Юрий Долгорукий - страница 45

Шрифт
Интервал

стр.

Якун внимательно оглядел заплаканного Михайлу.

- Худую утробу не утолишь! - буркнул он грубо, но тут же громче сказал, обращаясь ко всем бежанам: - Однако я дам вам и кров и пищу… если отплата будет.

- Себя отдаю! - поспешно крикнул Михаила. - Только дай моим детям хлеба!

Он глухо забормотал:

- - Себя отдаю в холопы! Себя тебе отдаю! Но только дай ты чадам несчастным приют надёжный и хлеба… хлеба - молю!

Якун засмеялся.

- Вот этот решил разумно! - сказал он, довольный. - Слыхали, как он решил?

Никто ему не ответил.

Якун на глазах у всех приказал Сычу, кивнув на Михайлу:

- Этому хлеба - дать! И строго добавил:

- Отныне ты, рыжий, холоп мой.

- А дети? - спросил Михаила.

- И дети и баба твоя - отныне мои холопы. Вставай да иди в усадьбу.

Михаила помедлил.

- Сказал я тебе - иди!

Михаила с трудом, как битый, поднялся с земли.

- Зачем ты спешишь? - сердито спросил до того молчавший Страшко. - Подумай, Михаила…

В сердце Страшко всё это время шла незримая, безрадостная борьба: добрался он наконец-то до князя, в земли отцовы… и вот - добро ли так сразу лезть в драку со здешними княжескими людьми? Хоть и толкают они и бьют, а - свои… не половцы и не князя чужого люди! Но нет, нельзя и терпеть: погубят они бежан. Толстый боярский слуга с бродягой Сычом и этот тощий тиун с рябым мужиком Конашкой, как видно, приучены к лихоимству.

Неужто это терпеть?..

В своём Городце кузнец не привык к тому полурабскому положению смердов, которое прочно ещё держалось в глухом московском углу, на землях боярина Кучки. Ему ещё только с этого дня предстояло с трудом привыкать к той судьбе, к которой с рожденья привыкли, не зная иного, рябой Конашка Дементьев, толкавший бежан по воле княжеского тиуна Федота, и другие тёмные мужики, грудью вставшие против бежан на тропе по указу Якуна.

Честное, исполненное вольнолюбивого гнева сердце Страшко не стало терпеть погибельных утеснений. Он крепче сжал сильными пальцами половецкий лук, служивший ему в дороге и подожком и дубиной, плечом растолкал бежан и выдвинулся вперёд.

- Хотели вместе идти ко князю на Суздаль, зачем же один ты решился идти к сему? - спросил он Михаилу с гневным упрёком. - Повременил бы до срока…

Якун оглядел Страшко, язвительно протянул:

- Мыслят, бродяги, что князь их в Суздали так и ждёт!

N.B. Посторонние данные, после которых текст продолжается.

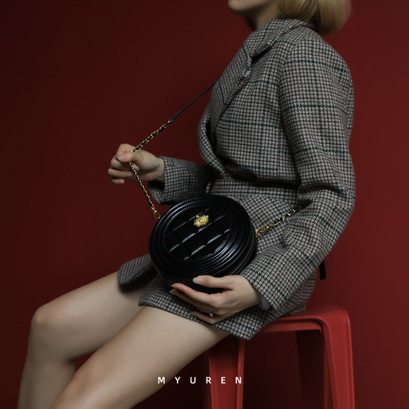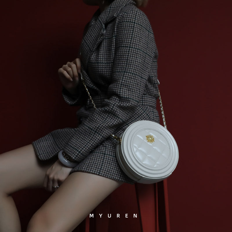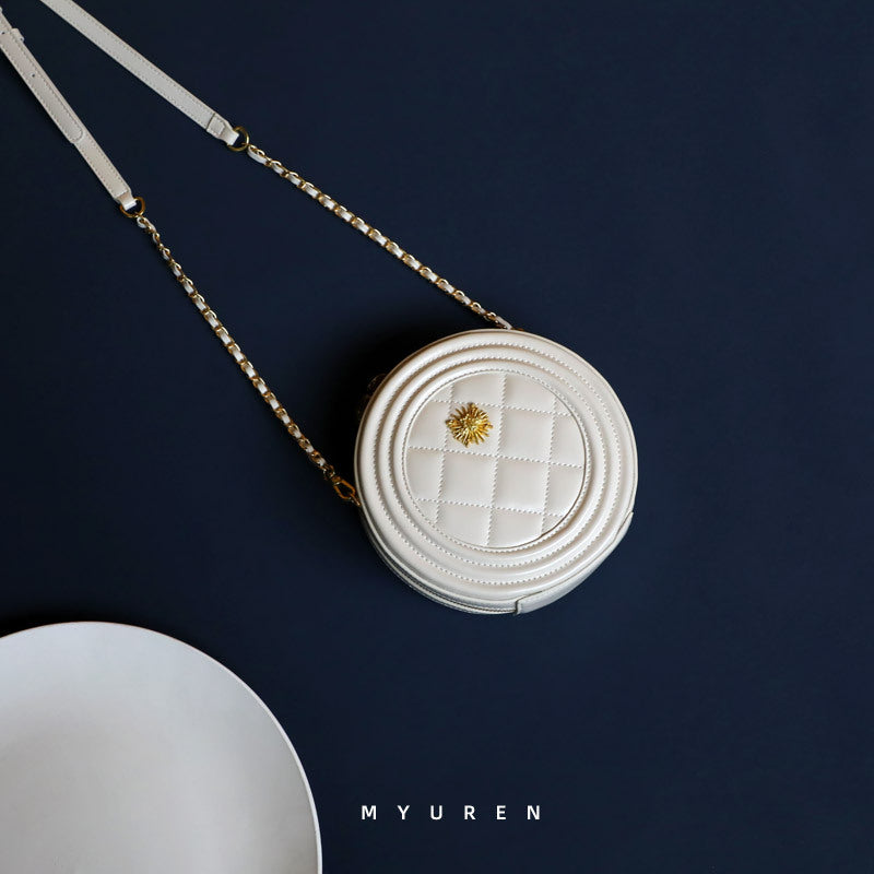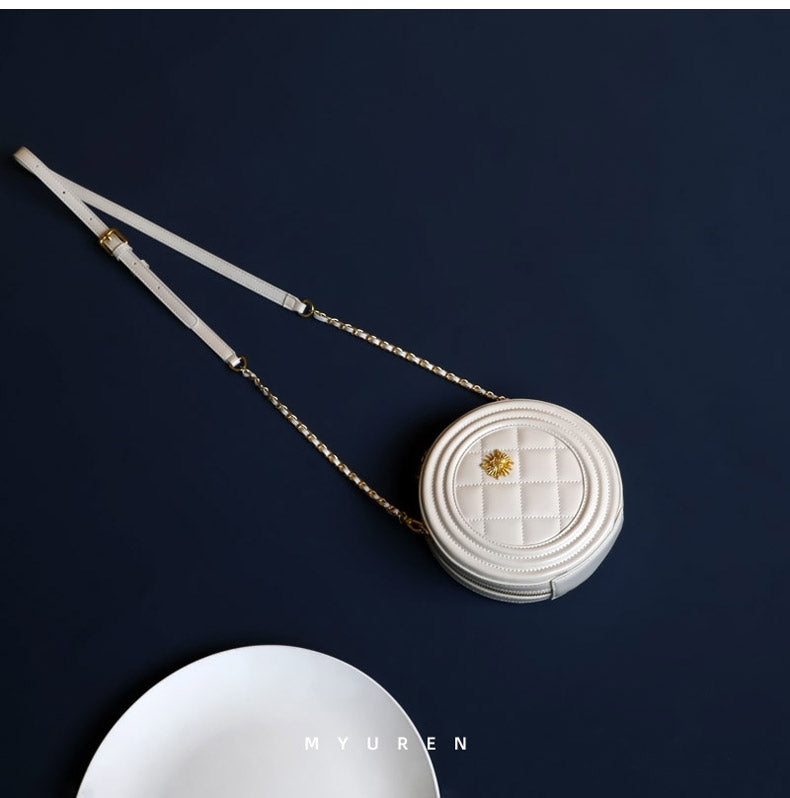 Design: Cute Womens White Leather Round Crossbody Purse Round White Chain Shoulder Bag for Women

- Князь им яства да мёд приготовил! - в тон боярскому управителю добавил княжий тиун Федот. - Однако не зря речётся: «Лезли коровы в княжьи хоромы, да взяли коров в сто сот топоров!»

- Зачем ты срамишь нас, как и слуга боярский? - твёрдо спросил Страшко смеющегося Федота. - Чай, ты есть княжий слуга, а мы княжьи дети…

- Ох, дети! - Якун усмешливо всплеснул толстыми, коротенькими руками. - Ох, княжьи дети!

Федот бесстыдно произнёс, взглянув на Страшко:

- Князь далеко, а боярин близко. А я да Якун - мы две руки единого тела. Каждая хочет мзды…

- Дать-то нам нечего, - тихо отозвался Демьян.

- Вот оттого и зову в холопы: себя отдай…

- Хотим мы в иное место, - ответил за старика и всех остальных Страшко. - Все скопом в Суздаль идём…

Рыжий горшечник Михаила с болью вскричал, обращаясь к Страшко:

- Да где он, тот Суждаль? Не вижу. И князя не вижу. А эти двое - вон тут… Да и не всё ли то, брат, равно: сей холм или некий Суждаль? Похоже, что нет нам иной пути: всюду для нас только глад и горе - у князя и у бояр…

- А у этих примешь горе вдвойне! - негромко, но убеждённо предупредил Михаилу Страшко. - Взгляни на сего Сыча: убойца он, тать… оттого и слуга боярский!

Сыч отшатнулся, вгляделся в Страшко, протянул: «А-а… вот это кто!» - и стремительно повернулся к Якуну:

- Видишь сговор их, господине? Я этого знаю: бес! Якун презрительно фыркнул:

- Я вижу. Какой он бес?!

И обратился к бежанам:

- Кто ещё, кроме рыжего, хочет ко мне в холопы?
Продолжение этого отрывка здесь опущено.